# Fuji Website



## raymond7204 (Sep 22, 2008)

Does anyone else think that the Fuji Website stinks? Every time I try to go to the website, it takes forever to load. I love my Fuji but am really disappointed with the site.

Ray


----------



## ssing20 (Aug 1, 2007)

Yeah. it is pathetic. I've been visiting it since I bought a Fuji in 8/08. Been slow every time.


----------



## Becky (Jun 15, 2004)

Yes...


----------



## AllezCat (Jun 2, 2006)

It sounds like you should just go ride! 
I agree the website sucks. The catalog is better. See if your local dealer has one.


----------



## xeon (Dec 21, 2008)

Agree that the website leaves a ton to be desired. For those of us with Fuji bikes already it is a mere annoyance or slight deterant... for prospective customers it could be a driving force to look at something else.

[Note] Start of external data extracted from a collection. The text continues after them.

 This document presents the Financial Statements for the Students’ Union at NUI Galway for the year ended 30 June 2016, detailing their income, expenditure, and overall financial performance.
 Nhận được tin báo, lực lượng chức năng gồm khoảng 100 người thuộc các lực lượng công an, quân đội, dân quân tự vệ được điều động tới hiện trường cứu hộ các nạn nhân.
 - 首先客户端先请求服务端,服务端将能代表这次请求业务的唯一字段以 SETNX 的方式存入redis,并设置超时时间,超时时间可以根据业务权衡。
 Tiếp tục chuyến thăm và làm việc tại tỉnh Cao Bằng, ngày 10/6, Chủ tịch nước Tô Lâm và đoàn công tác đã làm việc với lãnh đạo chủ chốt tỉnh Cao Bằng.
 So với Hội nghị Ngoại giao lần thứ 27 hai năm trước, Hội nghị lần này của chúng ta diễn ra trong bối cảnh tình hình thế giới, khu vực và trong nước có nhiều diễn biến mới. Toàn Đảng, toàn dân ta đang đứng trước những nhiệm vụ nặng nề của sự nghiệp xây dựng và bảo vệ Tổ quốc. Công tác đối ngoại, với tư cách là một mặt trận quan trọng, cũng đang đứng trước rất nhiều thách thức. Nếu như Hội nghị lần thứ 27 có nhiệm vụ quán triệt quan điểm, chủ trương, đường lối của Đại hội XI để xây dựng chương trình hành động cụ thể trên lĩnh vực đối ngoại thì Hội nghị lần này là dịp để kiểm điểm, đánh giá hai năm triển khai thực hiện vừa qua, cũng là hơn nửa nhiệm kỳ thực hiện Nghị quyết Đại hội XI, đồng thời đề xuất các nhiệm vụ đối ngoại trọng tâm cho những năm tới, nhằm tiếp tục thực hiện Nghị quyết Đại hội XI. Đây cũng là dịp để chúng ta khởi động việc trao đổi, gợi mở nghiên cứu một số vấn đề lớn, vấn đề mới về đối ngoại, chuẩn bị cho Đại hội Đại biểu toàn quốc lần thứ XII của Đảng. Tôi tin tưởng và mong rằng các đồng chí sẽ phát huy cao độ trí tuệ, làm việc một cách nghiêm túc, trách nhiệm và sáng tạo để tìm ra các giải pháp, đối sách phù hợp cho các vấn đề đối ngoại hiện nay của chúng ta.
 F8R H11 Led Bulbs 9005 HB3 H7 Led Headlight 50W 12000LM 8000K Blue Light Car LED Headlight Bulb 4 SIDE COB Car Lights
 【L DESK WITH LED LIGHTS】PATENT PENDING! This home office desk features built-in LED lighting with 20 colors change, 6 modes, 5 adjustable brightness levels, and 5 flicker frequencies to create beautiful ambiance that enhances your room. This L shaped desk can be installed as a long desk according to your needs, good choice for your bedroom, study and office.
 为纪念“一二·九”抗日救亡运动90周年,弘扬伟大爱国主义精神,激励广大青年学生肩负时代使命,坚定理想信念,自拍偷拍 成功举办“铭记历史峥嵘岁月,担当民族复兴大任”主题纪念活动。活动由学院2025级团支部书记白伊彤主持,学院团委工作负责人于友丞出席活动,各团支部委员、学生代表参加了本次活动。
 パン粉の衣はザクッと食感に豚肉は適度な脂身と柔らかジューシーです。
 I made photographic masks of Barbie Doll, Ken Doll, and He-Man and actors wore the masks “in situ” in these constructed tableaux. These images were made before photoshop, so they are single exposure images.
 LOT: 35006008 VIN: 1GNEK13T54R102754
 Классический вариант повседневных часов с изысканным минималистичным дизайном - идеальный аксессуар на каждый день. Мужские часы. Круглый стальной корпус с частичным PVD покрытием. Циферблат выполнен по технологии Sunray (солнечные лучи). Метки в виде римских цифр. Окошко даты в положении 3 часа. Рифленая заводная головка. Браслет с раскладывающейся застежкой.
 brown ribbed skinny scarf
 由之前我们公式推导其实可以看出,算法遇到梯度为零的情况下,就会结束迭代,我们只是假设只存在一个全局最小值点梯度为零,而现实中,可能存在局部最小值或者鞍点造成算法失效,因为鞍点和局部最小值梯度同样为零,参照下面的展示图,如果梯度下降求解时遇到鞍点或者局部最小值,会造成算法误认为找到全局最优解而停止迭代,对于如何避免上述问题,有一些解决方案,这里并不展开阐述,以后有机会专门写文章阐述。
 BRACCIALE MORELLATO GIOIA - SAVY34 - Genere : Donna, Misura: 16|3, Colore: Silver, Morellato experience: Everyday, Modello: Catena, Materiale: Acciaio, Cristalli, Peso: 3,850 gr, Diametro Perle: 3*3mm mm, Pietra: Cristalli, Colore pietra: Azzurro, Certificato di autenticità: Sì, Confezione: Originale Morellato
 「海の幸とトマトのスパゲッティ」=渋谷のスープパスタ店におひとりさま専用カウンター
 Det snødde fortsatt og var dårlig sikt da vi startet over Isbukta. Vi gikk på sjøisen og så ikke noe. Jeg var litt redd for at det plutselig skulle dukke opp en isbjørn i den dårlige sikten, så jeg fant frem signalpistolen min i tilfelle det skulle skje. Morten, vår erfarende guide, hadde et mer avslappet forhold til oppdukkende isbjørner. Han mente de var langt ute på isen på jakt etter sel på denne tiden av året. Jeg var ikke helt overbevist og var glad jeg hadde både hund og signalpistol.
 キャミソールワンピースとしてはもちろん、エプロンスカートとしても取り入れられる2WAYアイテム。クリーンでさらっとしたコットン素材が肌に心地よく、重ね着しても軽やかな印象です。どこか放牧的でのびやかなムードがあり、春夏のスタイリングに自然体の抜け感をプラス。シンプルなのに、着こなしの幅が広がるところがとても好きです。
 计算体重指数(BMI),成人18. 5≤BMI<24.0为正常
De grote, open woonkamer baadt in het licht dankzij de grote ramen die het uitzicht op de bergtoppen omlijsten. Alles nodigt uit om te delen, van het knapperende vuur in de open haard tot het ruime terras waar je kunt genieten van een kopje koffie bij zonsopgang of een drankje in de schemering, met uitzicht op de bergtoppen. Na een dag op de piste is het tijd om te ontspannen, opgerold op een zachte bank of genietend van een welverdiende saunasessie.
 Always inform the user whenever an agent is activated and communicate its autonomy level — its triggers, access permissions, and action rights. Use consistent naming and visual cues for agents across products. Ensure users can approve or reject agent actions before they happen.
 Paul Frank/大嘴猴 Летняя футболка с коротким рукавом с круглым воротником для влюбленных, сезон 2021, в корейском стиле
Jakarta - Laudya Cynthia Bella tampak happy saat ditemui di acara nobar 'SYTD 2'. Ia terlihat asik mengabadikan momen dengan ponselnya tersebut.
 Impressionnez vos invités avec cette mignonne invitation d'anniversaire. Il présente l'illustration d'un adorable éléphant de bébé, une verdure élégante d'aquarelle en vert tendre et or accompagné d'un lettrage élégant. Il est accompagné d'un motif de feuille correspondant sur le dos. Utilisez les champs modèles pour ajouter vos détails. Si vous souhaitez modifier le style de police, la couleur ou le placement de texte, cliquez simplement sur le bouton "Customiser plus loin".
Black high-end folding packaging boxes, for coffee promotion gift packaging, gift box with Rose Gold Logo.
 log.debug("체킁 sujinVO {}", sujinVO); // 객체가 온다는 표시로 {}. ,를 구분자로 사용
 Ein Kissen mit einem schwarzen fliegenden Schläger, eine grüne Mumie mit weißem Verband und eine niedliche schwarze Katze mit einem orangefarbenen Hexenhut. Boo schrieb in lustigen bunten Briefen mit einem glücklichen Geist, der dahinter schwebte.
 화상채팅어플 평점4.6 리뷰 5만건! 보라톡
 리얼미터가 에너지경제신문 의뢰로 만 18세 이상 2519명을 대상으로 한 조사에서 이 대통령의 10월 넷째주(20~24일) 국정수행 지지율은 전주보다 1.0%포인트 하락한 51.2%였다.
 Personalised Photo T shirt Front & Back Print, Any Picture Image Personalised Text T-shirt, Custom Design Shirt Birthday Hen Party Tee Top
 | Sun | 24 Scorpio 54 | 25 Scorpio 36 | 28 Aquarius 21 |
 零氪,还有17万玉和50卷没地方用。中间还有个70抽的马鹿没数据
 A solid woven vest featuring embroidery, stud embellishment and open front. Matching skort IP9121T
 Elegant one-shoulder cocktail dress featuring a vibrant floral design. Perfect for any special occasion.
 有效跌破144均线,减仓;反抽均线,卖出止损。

It is a marketing/web presence fail.


----------



## kmunny19 (Aug 13, 2008)

I almost missed out on buying my fuji because in the early stages of bike research, I had a couple times I couldn't get on the website. its weak. fortunately I just walked into my local fuji shop, and turned out to really like the place and the bikes.


----------



## rcjunkie3000 (Sep 5, 2009)

*Fuji site is slow as h****

Yes, I thought it was just my connection but it's just the Fujibikes.com site that is super slow.


----------



## xeon (Dec 21, 2008)

FWIW, I sent them an e-mail saying their site stunk as nicely as I possibly could. I did get a reply that thanked me for the feedback and said they were working on improving the site shortly. Since I like to go there every now and then, looking forward to it not being a PITA.


----------